■ WORK TASK ■
Look through the data below for the line with "Avec ce chargeur sans", and transcribe it exactly together with each line after it up to and including the line with "никогда не потеряется!". Give nothing else.

■ SOURCE DATA ■
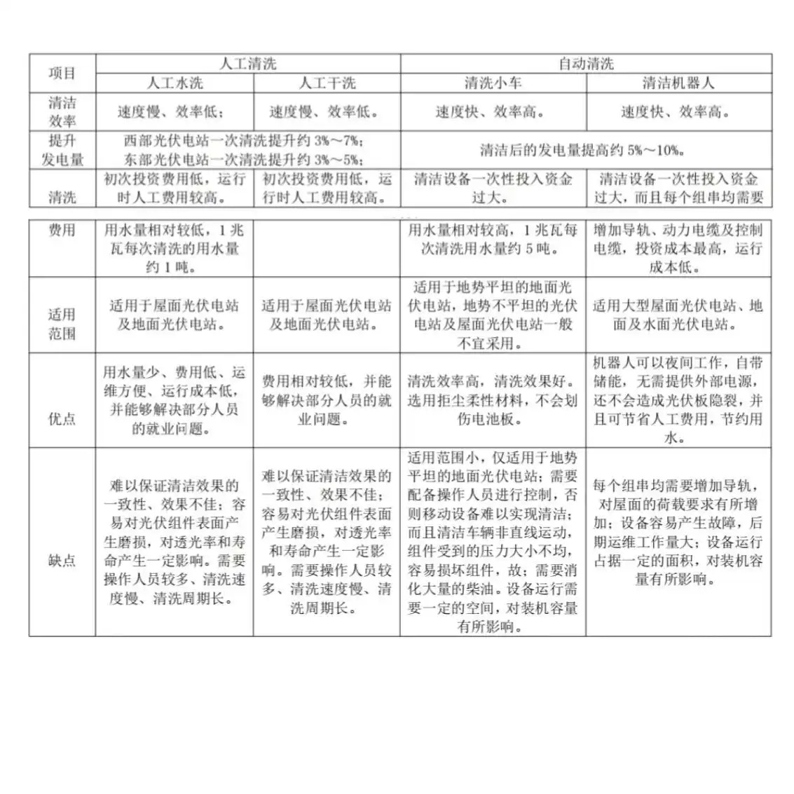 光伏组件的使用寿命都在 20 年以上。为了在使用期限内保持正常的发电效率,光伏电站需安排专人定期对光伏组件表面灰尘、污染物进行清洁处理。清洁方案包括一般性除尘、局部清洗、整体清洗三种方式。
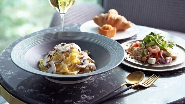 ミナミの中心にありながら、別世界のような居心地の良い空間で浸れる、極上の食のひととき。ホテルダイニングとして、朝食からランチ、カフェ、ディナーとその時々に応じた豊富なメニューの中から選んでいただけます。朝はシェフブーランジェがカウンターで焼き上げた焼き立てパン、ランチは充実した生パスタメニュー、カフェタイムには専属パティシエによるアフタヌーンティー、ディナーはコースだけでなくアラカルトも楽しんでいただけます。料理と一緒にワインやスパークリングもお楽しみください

...

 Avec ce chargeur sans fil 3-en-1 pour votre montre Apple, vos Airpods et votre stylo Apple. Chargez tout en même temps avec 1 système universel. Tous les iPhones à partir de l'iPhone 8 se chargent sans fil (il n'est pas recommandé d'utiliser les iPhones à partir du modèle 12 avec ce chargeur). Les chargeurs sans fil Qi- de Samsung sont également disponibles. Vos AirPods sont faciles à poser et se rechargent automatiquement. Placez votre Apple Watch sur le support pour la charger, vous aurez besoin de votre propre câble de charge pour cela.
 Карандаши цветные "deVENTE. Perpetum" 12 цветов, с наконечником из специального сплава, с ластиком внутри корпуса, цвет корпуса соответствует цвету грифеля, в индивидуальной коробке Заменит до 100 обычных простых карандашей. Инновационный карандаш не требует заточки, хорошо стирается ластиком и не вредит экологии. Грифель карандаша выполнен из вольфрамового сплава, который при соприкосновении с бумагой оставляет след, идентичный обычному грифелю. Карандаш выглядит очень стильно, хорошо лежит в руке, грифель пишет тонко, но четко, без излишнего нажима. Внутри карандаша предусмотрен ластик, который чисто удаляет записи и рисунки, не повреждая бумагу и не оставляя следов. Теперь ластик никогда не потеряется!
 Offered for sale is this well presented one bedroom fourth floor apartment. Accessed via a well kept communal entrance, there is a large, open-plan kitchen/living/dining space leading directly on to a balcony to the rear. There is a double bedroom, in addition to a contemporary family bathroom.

■ RESPONSE BOX ■
 Avec ce chargeur sans fil 3-en-1 pour votre montre Apple, vos Airpods et votre stylo Apple. Chargez tout en même temps avec 1 système universel. Tous les iPhones à partir de l'iPhone 8 se chargent sans fil (il n'est pas recommandé d'utiliser les iPhones à partir du modèle 12 avec ce chargeur). Les chargeurs sans fil Qi- de Samsung sont également disponibles. Vos AirPods sont faciles à poser et se rechargent automatiquement. Placez votre Apple Watch sur le support pour la charger, vous aurez besoin de votre propre câble de charge pour cela.
 Карандаши цветные "deVENTE. Perpetum" 12 цветов, с наконечником из специального сплава, с ластиком внутри корпуса, цвет корпуса соответствует цвету грифеля, в индивидуальной коробке Заменит до 100 обычных простых карандашей. Инновационный карандаш не требует заточки, хорошо стирается ластиком и не вредит экологии. Грифель карандаша выполнен из вольфрамового сплава, который при соприкосновении с бумагой оставляет след, идентичный обычному грифелю. Карандаш выглядит очень стильно, хорошо лежит в руке, грифель пишет тонко, но четко, без излишнего нажима. Внутри карандаша предусмотрен ластик, который чисто удаляет записи и рисунки, не повреждая бумагу и не оставляя следов. Теперь ластик никогда не потеряется!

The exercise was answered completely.